This series starts with some cleanup of existing mmap_prepare logic, then
adds documentation for the mmap_prepare call to make it easier for
filesystem and driver writers to understand how it works.
It then importantly adds a vm_ops->mapped hook, a key feature that was
missing from mmap_prepare previously - this is invoked when a driver which
specifies mmap_prepare has successfully been mapped but not merged with
another VMA.
mmap_prepare is invoked prior to a merge being attempted, so you cannot
manipulate state such as reference counts as if it were a new mapping.
The vm_ops->mapped hook allows a driver to perform tasks required at this
stage, and provides symmetry against subsequent vm_ops->open,close calls.
The series uses this to correct the afs implementation which wrongly
manipulated reference count at mmap_prepare time.
It then adds an mmap_prepare equivalent of vm_iomap_memory() -
mmap_action_simple_ioremap(), then uses this to update a number of drivers.
It then splits out the mmap_prepare compatibility layer (which allows for
invocation of mmap_prepare hooks in an mmap() hook) in such a way as to
allow for more incremental implementation of mmap_prepare hooks.
It then uses this to extend mmap_prepare usage in drivers.
Finally it adds an mmap_prepare equivalent of vm_map_pages(), which lays
the foundation for future work which will extend mmap_prepare to DMA
coherent mappings.
v3:
* Propagated tags (thanks Suren, Richard!)
* Updated 12/16 to correctly clear the vm_area_desc data structure in
set_desc_from_vma() as per Joshua Hahn (thanks! :)
* Fixed type in 12/16 as per Suren (cheers!)
* Fixed up 6/16 to use mmap_action_ioremap_full() in simple_ioremap_prepare() as
suggested by Suren.
* Also fixed up 6/16 to call io_remap_pfn_range_prepare() direct rather than
mmap_action_prepare() as per Suren.
* Also fixed up 6/16 to pass vm_len rather than vm_[start, end] to
__simple_ioremap_prep() as per Suren (thanks for all the above! :)
* Fixed issue in rmap lock being held - we were referencing a vma->vm_file after
the VMA was unmapped, so UAF. Avoid that.
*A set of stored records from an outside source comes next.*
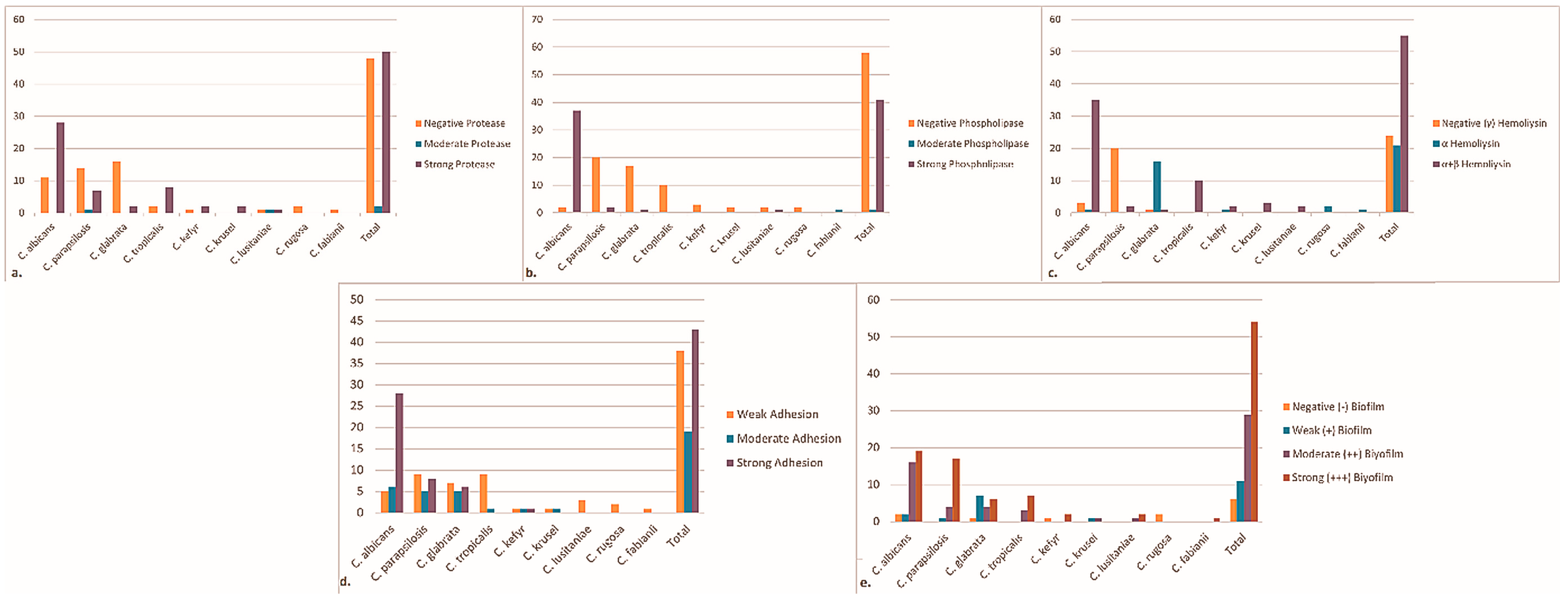 - Dabiri, S.; Shams-Ghahfarokhi, M.; Razzaghi-Abyaneh, M. Comparative analysis of proteinase, phospholipase, hydrophobicity and biofilm forming ability in Candida species isolated from clinical specimens. J. Mycol. Med. 2018, 28, 437–442. [Google Scholar] [CrossRef]
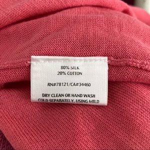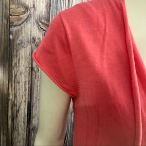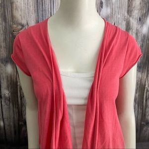 Eileen Fisher cardigan, size xsmall. Gently used condition but in good shape. Pink color. Light weight cardigan. Soft material. Has stretch. See pictures of design on front. Clean no stains or holes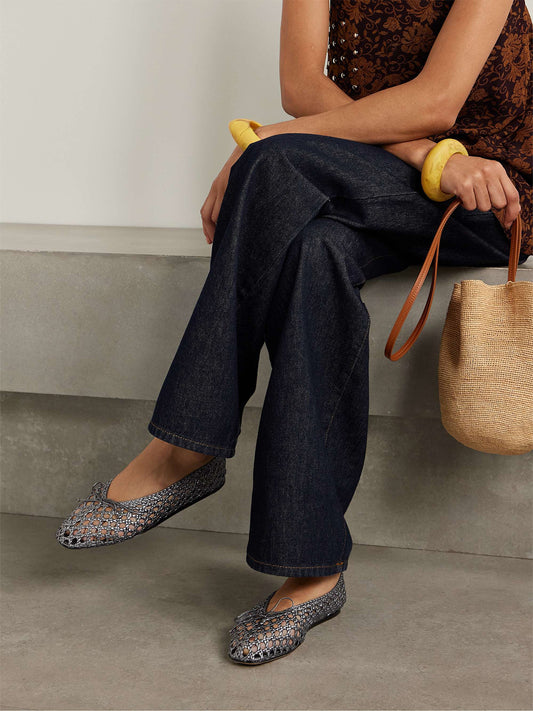 Dark Blue Faux Suede Woven Square-Toe Front Bow Ballet Flats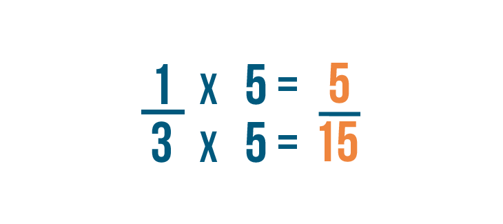 Now let's change the second fraction. To change the denominator to 15, we'll multiply both numbers by 5 to get 5/15.

Also do_munmap() relies on rmap lock
NOT being held or may deadlock, so extend functionality to ensure we drop it
when it is held on error paths.
* Updated 'area' -> 'vma' variable in 3/16 in VMA test dup.h.
* Fixed up reference to __compat_vma_mmap() in 12/16 commit message.
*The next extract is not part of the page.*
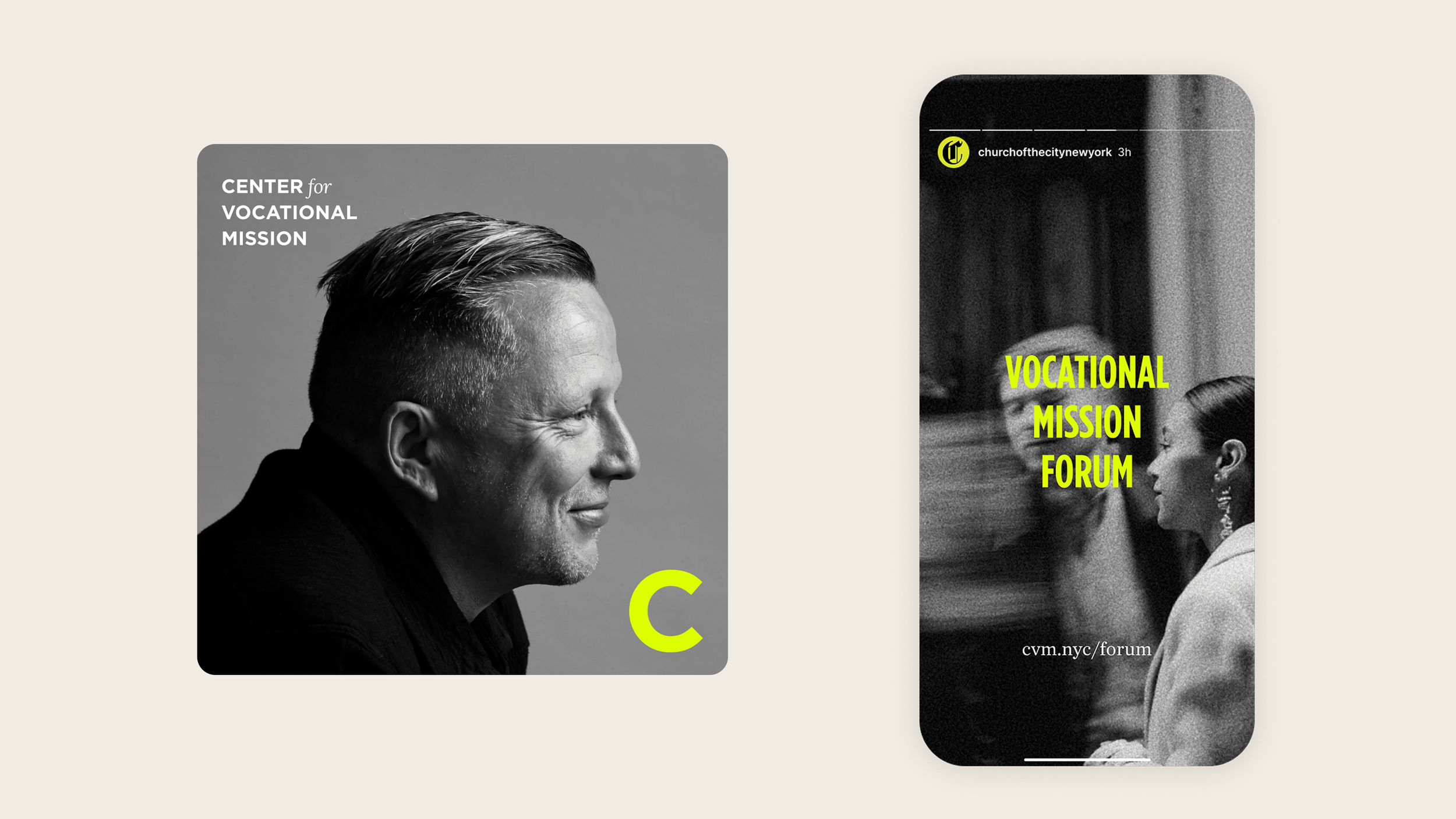 The Center for Vocational Mission is a new initiative from Church of the City New York. I partnered with the team to lead the brand and website launch designing the visual identity, core collateral, and a custom website to support the public launch.

* Updated 1/16 to no longer duplicatively apply io_remap_pfn_range_pfn().
* Updated 1/16 to delegate I/O remap complete to remap complete logic.
* Fixed various typos in 12/16.
* Fixed stale comment typos in 13/16.
* Fixed commit msg and comment typos in 14/16.
* Removed accidental sneak peak to future functionality in 15/16 commit message
:).
* Fixed up field names to be identical in VMA tests + mm_types.h in 6/16,
15/16.
v2:
* Rebased on
https://lore.kernel.org/all/cover.1773665966.git.ljs@kernel.org/ to make
Andrew's life easier :)
* Folded all interim fixes into series (thanks Randy for many doc fixes!))
* As per Suren, removed a comment about allocations too small to fail.
* As per Randy, fixed up typo in documentation for vm_area_desc.
* Fixed mmap_action_prepare() not returning if invalid action->type
specified, as updated from Andrew's interim fix (thanks!) and also
reported by kernel test bot.
* Updated mmap_action_prepare() and specific prepare functions to only
pass vm_area_desc parameter as per Suren.
* Fixed up whitespace as per Suren.
* Updated vm_op->open comment in vm_operations_struct to reference forking
as per Suren.
* Added a commit to check that input range is within VMA on remap as per
Suren (this also covers I/O remap and all other cases already asserted).
* Updated AFS to not incorrectly reference count on mmap prepare as per
Usama.
* Also updated various static AFS functions to be consistent with each
other.
* Updated AFS commit message to reflect mmap_prepare being before any VMA
merging as per Suren.
* Updated __compat_vma_mapped() to check for NULL vm_ops as per Usama.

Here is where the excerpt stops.